[Data records]
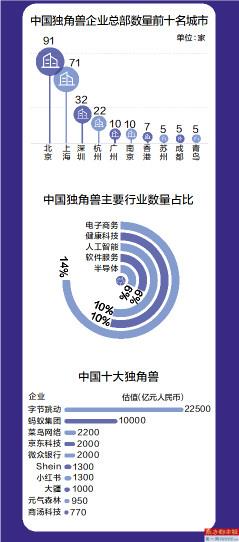 榜单显示,中国以301家排名第二,比去年增加74家。南都记者查询榜单发现,中国有8家独角兽企业估值超千亿,其中3家进入榜单前十名,分别为字节跳动、蚂蚁集团和菜鸟网络。榜单显示,国内独角兽企业数量最多的城市为北京,多达91家;接下来分别是上海、深圳,数量分别为71家和32家。从行业来看,中国独角兽从事电子商务、医疗健康和人工智能行业的较多,占中国独角兽企业总数的三分之一。另外,中国独角兽企业一个很大的特点,是很多独角兽企业由母公司孵化而来。50家全球独角兽企业由母公司孵化而来,其中49家来自中国。而阿里巴巴孵化了最多的独角兽企业,有5家。
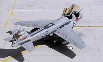 A ce stade les opérations de peinture peuvent commencer avec les couleurs traditionnelles des camouflages tactiques de l'US NAVY. Les couleurs principales sont les gris FS36375 (Light ghost grey) et FS36320 (Dark ghost grey). Quelques touches de gris bleu FS35237 et de gris mouette FS36440 ont été appliquées légèrement par endroits afin de reproduire les effets de réparations peinture de l'avion, si commusn aux avions de la marine américaine. Certaines peintures ont été altérées de pointe de blanc ou de noir pour traiter certains panneaux. Tout ceci est relativement discret puisqu'il s'agit de l'avion du CAG (Commandant du groupe aérien du porte-avions) en général un peu mieux entretenu que les autres avions de la flotte.
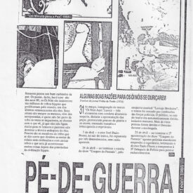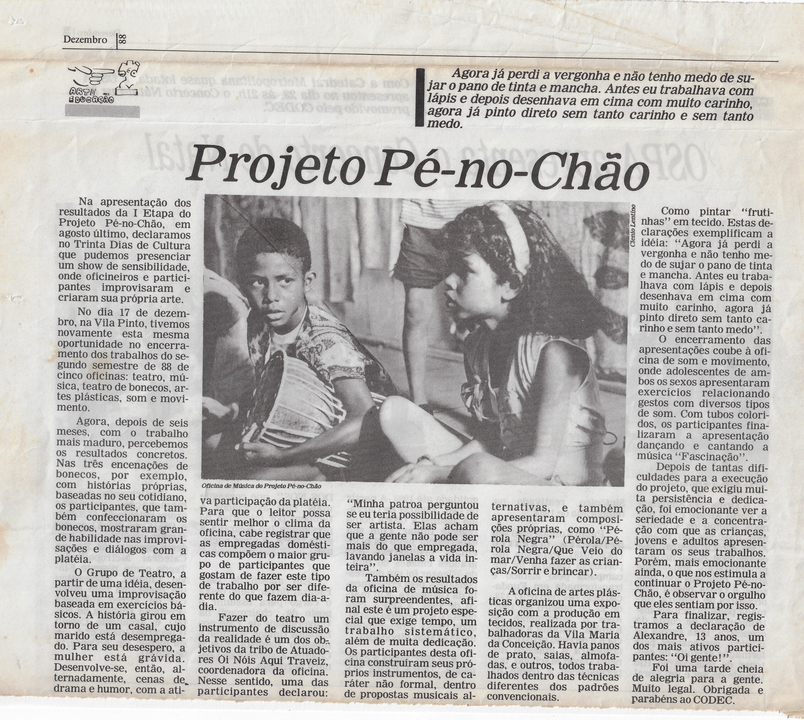 Na apresentação dos resultados da I Etapa do Projeto Pé-no-Chão, em agosto último, declaramos no Trinta Dias de Cultura que pudemos presenciar um show de sensibilidade, onde oficineiros e participantes improvisaram e criaram sua própria arte. No dia 17 de dezembro, na Vila Pinto, tivemos novamente esta mesma oportunidade no encerramento dos trabalhos do segundo semestre de 88 de cinco oficinas: teatro, música, teatro de bonecos, artes plásticas, som e movimento. Agora, depois de seis meses, com o trabalho mais maduro, percebemos os resultados concretos. Nas três encenações de bonecos, por exemplo, com histórias próprias, baseadas no seu cotidiano, os participantes, que também confeccionaram os bonecos, mostraram grande habilidade nas improvisações e diálogos com a platéia. O Grupo de Teatro, a partir de uma idéia, desenvolveu uma improvisação baseada em exercícios básicos. A história girou em torno de um casal, cujo marido está desempregado. Para seu desespero, a mulher está grávida. Desenvolve-se, então, alternadamente, cenas de drama e humor, com a ativação de uma idéia. Como pintar "frutinhas" em tecido. Estas declarações exemplificam a idéia: "Agora já perdi a vergonha e não tenho medo de sujar o pano de tinta e mancha. Antes eu trabalhava com lápis e depois desenhava em cima com muito carinho, agora já pinto direto sem tanto carinho e sem tanto medo."
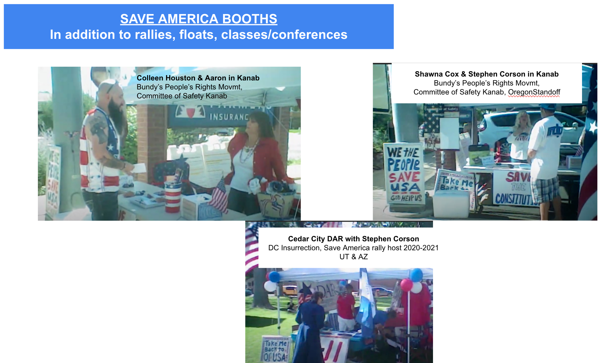 Upon returning from storming the US Capitol January 6, 2021, Corson continued his roadside rallies in Utah & Arizona with themes of “Save America”, “Medical Freedom” and protesting Planned Parenthood. He joined Ammon Bundy’s People’s Rights Network (see KURW post Ammon Bundy’s People’s Rights Recruitment in Kanab. Kudos Kane County Office of Terrorism) and fellow J6er Shawna Cox’s Committee of Safety. The Committee of Safety hosted presentations on the US Constitution, booths at local events like Western Legends and a float in Kanab’s 4th of July parade 2021 adorned with a III% flag. Their preparedness fair was promoted, attended and praised by recently elected Kane County Commissioner Patty Kubeja.
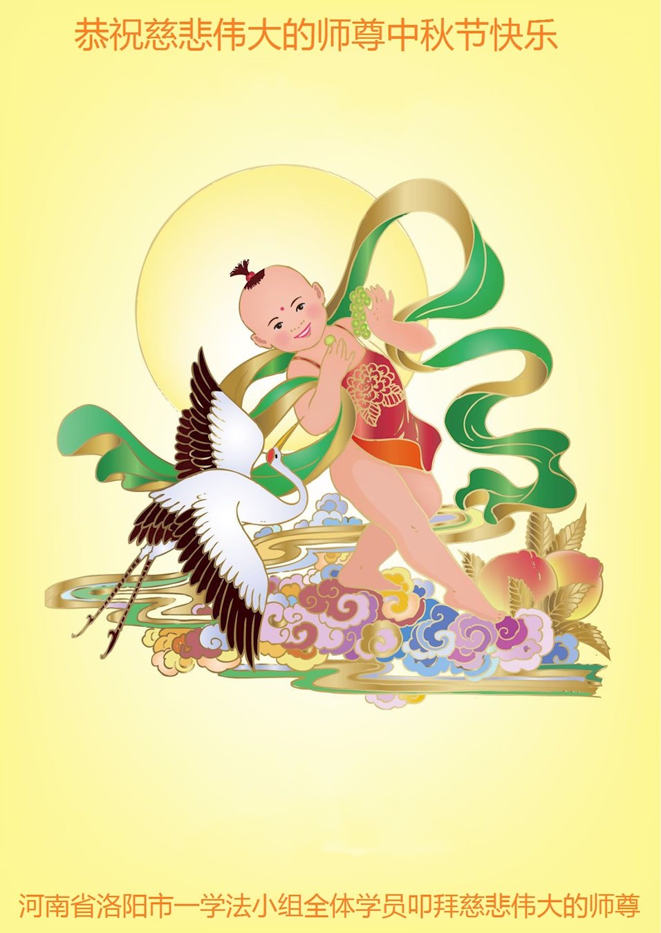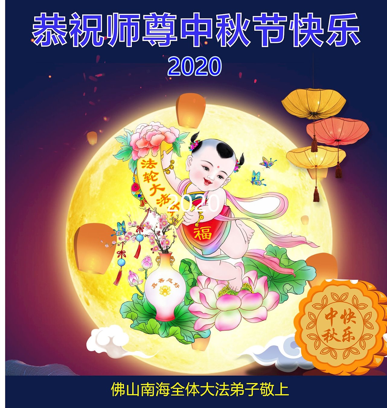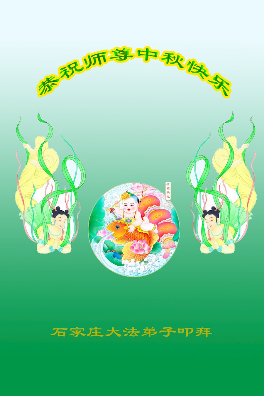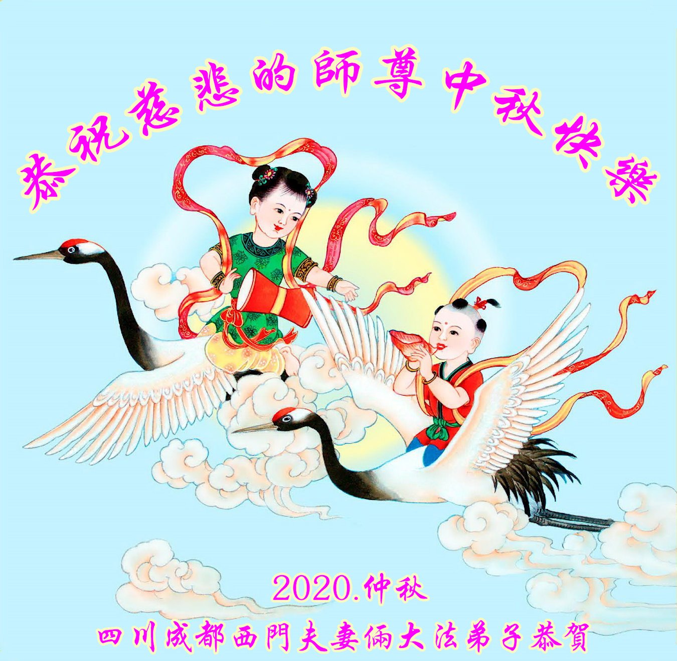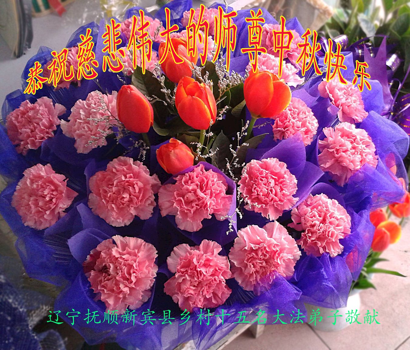 中国民众在贺词中写道:在中秋节来临之际,感恩大法师父的慈悲保护!我们盼望您早日回归中土,恩泽百姓,让亿万个家庭解开中共的枷锁,让中华民族五千年的文明在中原再现。

Problem to solve:
Return all the data exactly, and keep the pictures out.

Task response:
 榜单显示,中国以301家排名第二,比去年增加74家。南都记者查询榜单发现,中国有8家独角兽企业估值超千亿,其中3家进入榜单前十名,分别为字节跳动、蚂蚁集团和菜鸟网络。榜单显示,国内独角兽企业数量最多的城市为北京,多达91家;接下来分别是上海、深圳,数量分别为71家和32家。从行业来看,中国独角兽从事电子商务、医疗健康和人工智能行业的较多,占中国独角兽企业总数的三分之一。另外,中国独角兽企业一个很大的特点,是很多独角兽企业由母公司孵化而来。50家全球独角兽企业由母公司孵化而来,其中49家来自中国。而阿里巴巴孵化了最多的独角兽企业,有5家。
 A ce stade les opérations de peinture peuvent commencer avec les couleurs traditionnelles des camouflages tactiques de l'US NAVY. Les couleurs principales sont les gris FS36375 (Light ghost grey) et FS36320 (Dark ghost grey). Quelques touches de gris bleu FS35237 et de gris mouette FS36440 ont été appliquées légèrement par endroits afin de reproduire les effets de réparations peinture de l'avion, si commusn aux avions de la marine américaine. Certaines peintures ont été altérées de pointe de blanc ou de noir pour traiter certains panneaux. Tout ceci est relativement discret puisqu'il s'agit de l'avion du CAG (Commandant du groupe aérien du porte-avions) en général un peu mieux entretenu que les autres avions de la flotte.
 Na apresentação dos resultados da I Etapa do Projeto Pé-no-Chão, em agosto último, declaramos no Trinta Dias de Cultura que pudemos presenciar um show de sensibilidade, onde oficineiros e participantes improvisaram e criaram sua própria arte. No dia 17 de dezembro, na Vila Pinto, tivemos novamente esta mesma oportunidade no encerramento dos trabalhos do segundo semestre de 88 de cinco oficinas: teatro, música, teatro de bonecos, artes plásticas, som e movimento. Agora, depois de seis meses, com o trabalho mais maduro, percebemos os resultados concretos. Nas três encenações de bonecos, por exemplo, com histórias próprias, baseadas no seu cotidiano, os participantes, que também confeccionaram os bonecos, mostraram grande habilidade nas improvisações e diálogos com a platéia. O Grupo de Teatro, a partir de uma idéia, desenvolveu uma improvisação baseada em exercícios básicos. A história girou em torno de um casal, cujo marido está desempregado. Para seu desespero, a mulher está grávida. Desenvolve-se, então, alternadamente, cenas de drama e humor, com a ativação de uma idéia. Como pintar "frutinhas" em tecido. Estas declarações exemplificam a idéia: "Agora já perdi a vergonha e não tenho medo de sujar o pano de tinta e mancha. Antes eu trabalhava com lápis e depois desenhava em cima com muito carinho, agora já pinto direto sem tanto carinho e sem tanto medo."
 Upon returning from storming the US Capitol January 6, 2021, Corson continued his roadside rallies in Utah & Arizona with themes of “Save America”, “Medical Freedom” and protesting Planned Parenthood. He joined Ammon Bundy’s People’s Rights Network (see KURW post Ammon Bundy’s People’s Rights Recruitment in Kanab. Kudos Kane County Office of Terrorism) and fellow J6er Shawna Cox’s Committee of Safety. The Committee of Safety hosted presentations on the US Constitution, booths at local events like Western Legends and a float in Kanab’s 4th of July parade 2021 adorned with a III% flag. Their preparedness fair was promoted, attended and praised by recently elected Kane County Commissioner Patty Kubeja.
 中国民众在贺词中写道:在中秋节来临之际,感恩大法师父的慈悲保护!我们盼望您早日回归中土,恩泽百姓,让亿万个家庭解开中共的枷锁,让中华民族五千年的文明在中原再现。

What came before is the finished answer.